_Work instructions:_ After finding the line that holds "CAS/07: In contesto" below, set down that line and the rest through the final one exactly, leaving the pictures out.

_Entries supplied:_

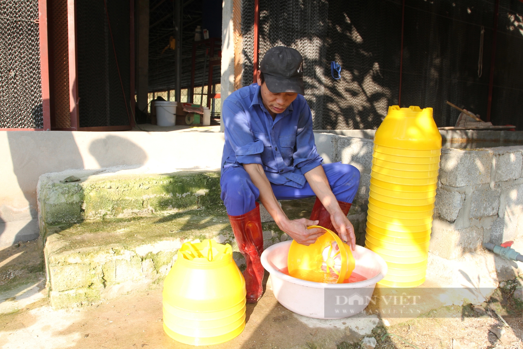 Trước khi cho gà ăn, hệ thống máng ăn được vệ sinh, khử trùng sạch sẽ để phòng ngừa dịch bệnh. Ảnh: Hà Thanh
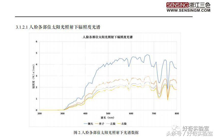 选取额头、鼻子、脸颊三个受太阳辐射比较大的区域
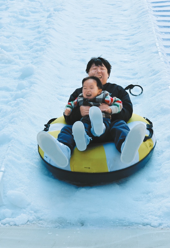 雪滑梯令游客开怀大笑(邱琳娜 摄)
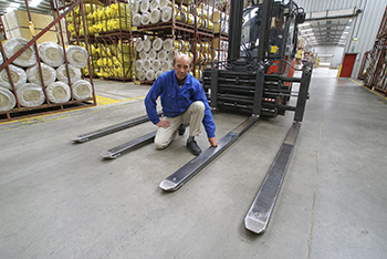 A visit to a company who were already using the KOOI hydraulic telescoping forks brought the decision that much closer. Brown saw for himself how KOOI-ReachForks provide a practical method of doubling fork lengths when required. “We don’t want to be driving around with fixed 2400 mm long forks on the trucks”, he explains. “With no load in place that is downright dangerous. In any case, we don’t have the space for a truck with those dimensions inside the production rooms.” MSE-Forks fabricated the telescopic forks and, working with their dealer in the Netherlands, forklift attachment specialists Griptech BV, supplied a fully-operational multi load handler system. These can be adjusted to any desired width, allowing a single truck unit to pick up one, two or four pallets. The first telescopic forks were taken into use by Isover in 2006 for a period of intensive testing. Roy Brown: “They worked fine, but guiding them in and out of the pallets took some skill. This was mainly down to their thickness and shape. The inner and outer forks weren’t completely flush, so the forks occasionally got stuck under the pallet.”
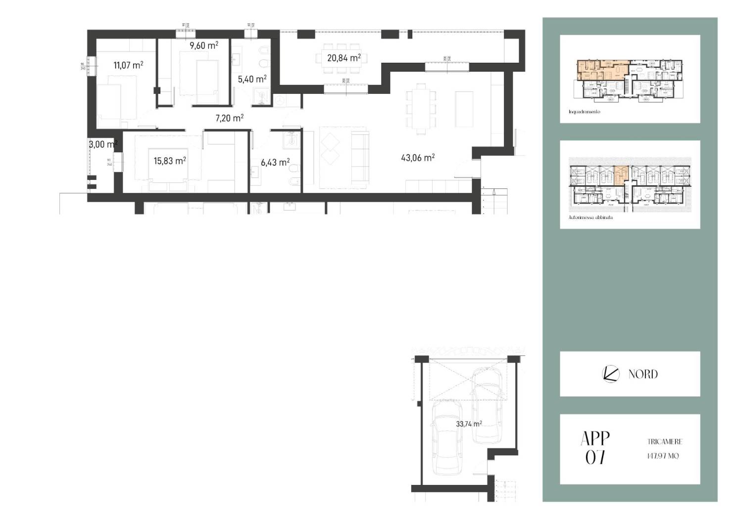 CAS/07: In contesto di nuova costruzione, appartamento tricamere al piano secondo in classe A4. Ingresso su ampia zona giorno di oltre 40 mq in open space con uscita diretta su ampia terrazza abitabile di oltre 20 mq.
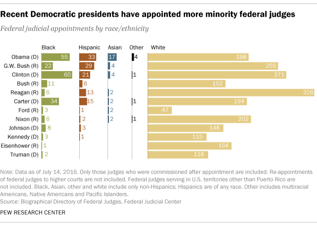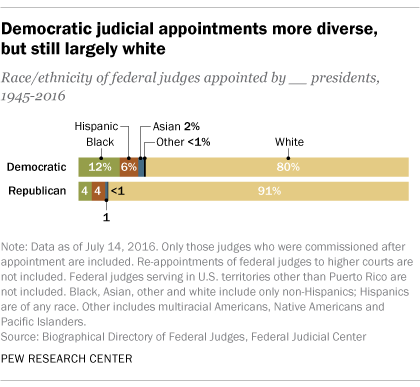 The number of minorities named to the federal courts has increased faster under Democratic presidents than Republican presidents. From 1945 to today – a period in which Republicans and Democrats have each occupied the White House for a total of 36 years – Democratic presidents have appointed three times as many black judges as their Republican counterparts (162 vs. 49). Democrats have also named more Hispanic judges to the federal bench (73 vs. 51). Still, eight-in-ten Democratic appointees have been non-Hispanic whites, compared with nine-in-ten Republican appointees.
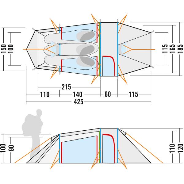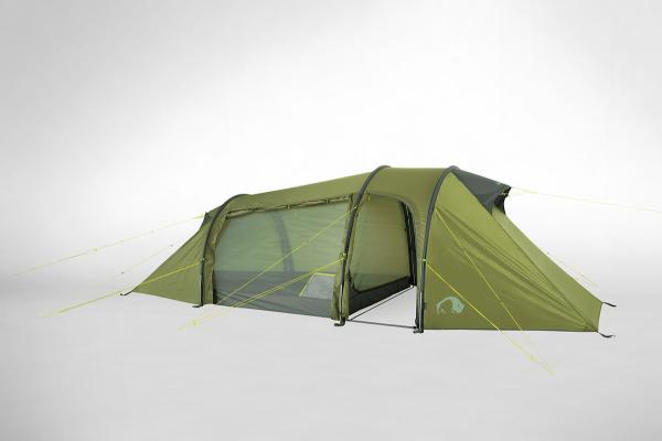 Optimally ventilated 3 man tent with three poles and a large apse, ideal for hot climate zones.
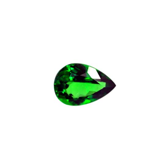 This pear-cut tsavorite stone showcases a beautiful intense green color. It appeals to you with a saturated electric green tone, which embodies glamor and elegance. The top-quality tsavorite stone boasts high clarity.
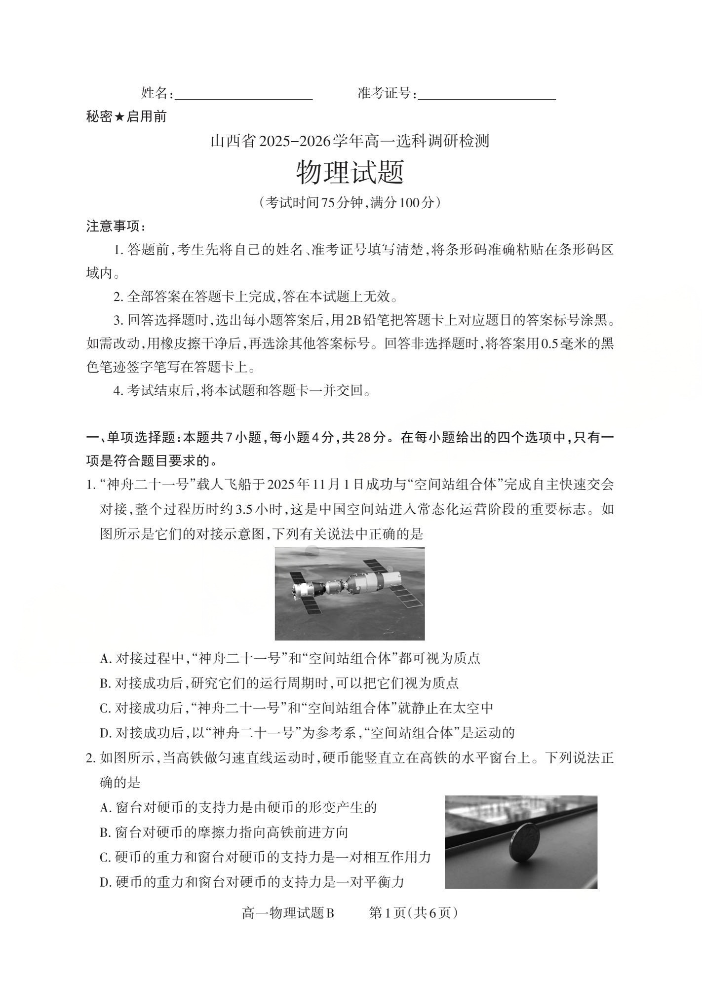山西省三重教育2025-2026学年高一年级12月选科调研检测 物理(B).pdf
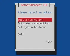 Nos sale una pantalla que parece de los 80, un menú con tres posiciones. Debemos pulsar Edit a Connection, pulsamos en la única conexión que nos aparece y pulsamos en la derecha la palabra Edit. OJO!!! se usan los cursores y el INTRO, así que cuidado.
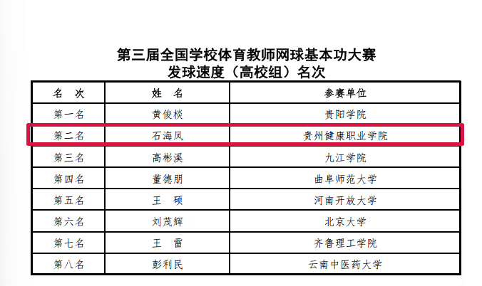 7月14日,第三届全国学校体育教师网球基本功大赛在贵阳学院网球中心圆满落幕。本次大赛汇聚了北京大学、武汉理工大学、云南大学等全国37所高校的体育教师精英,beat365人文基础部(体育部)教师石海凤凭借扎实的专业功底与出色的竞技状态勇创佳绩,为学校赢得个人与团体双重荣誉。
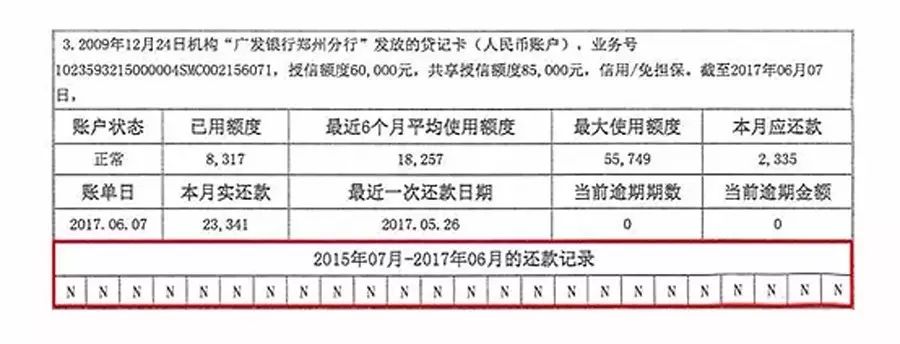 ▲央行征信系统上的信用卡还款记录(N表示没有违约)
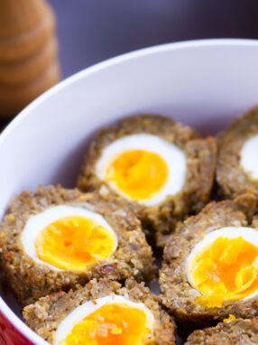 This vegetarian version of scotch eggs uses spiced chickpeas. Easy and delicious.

_Exercise response:_
 CAS/07: In contesto di nuova costruzione, appartamento tricamere al piano secondo in classe A4. Ingresso su ampia zona giorno di oltre 40 mq in open space con uscita diretta su ampia terrazza abitabile di oltre 20 mq.
 The number of minorities named to the federal courts has increased faster under Democratic presidents than Republican presidents. From 1945 to today – a period in which Republicans and Democrats have each occupied the White House for a total of 36 years – Democratic presidents have appointed three times as many black judges as their Republican counterparts (162 vs. 49). Democrats have also named more Hispanic judges to the federal bench (73 vs. 51). Still, eight-in-ten Democratic appointees have been non-Hispanic whites, compared with nine-in-ten Republican appointees.
 Optimally ventilated 3 man tent with three poles and a large apse, ideal for hot climate zones.
 This pear-cut tsavorite stone showcases a beautiful intense green color. It appeals to you with a saturated electric green tone, which embodies glamor and elegance. The top-quality tsavorite stone boasts high clarity.
山西省三重教育2025-2026学年高一年级12月选科调研检测 物理(B).pdf
 Nos sale una pantalla que parece de los 80, un menú con tres posiciones. Debemos pulsar Edit a Connection, pulsamos en la única conexión que nos aparece y pulsamos en la derecha la palabra Edit. OJO!!! se usan los cursores y el INTRO, así que cuidado.
 7月14日,第三届全国学校体育教师网球基本功大赛在贵阳学院网球中心圆满落幕。本次大赛汇聚了北京大学、武汉理工大学、云南大学等全国37所高校的体育教师精英,beat365人文基础部(体育部)教师石海凤凭借扎实的专业功底与出色的竞技状态勇创佳绩,为学校赢得个人与团体双重荣誉。
 ▲央行征信系统上的信用卡还款记录(N表示没有违约)
 This vegetarian version of scotch eggs uses spiced chickpeas. Easy and delicious.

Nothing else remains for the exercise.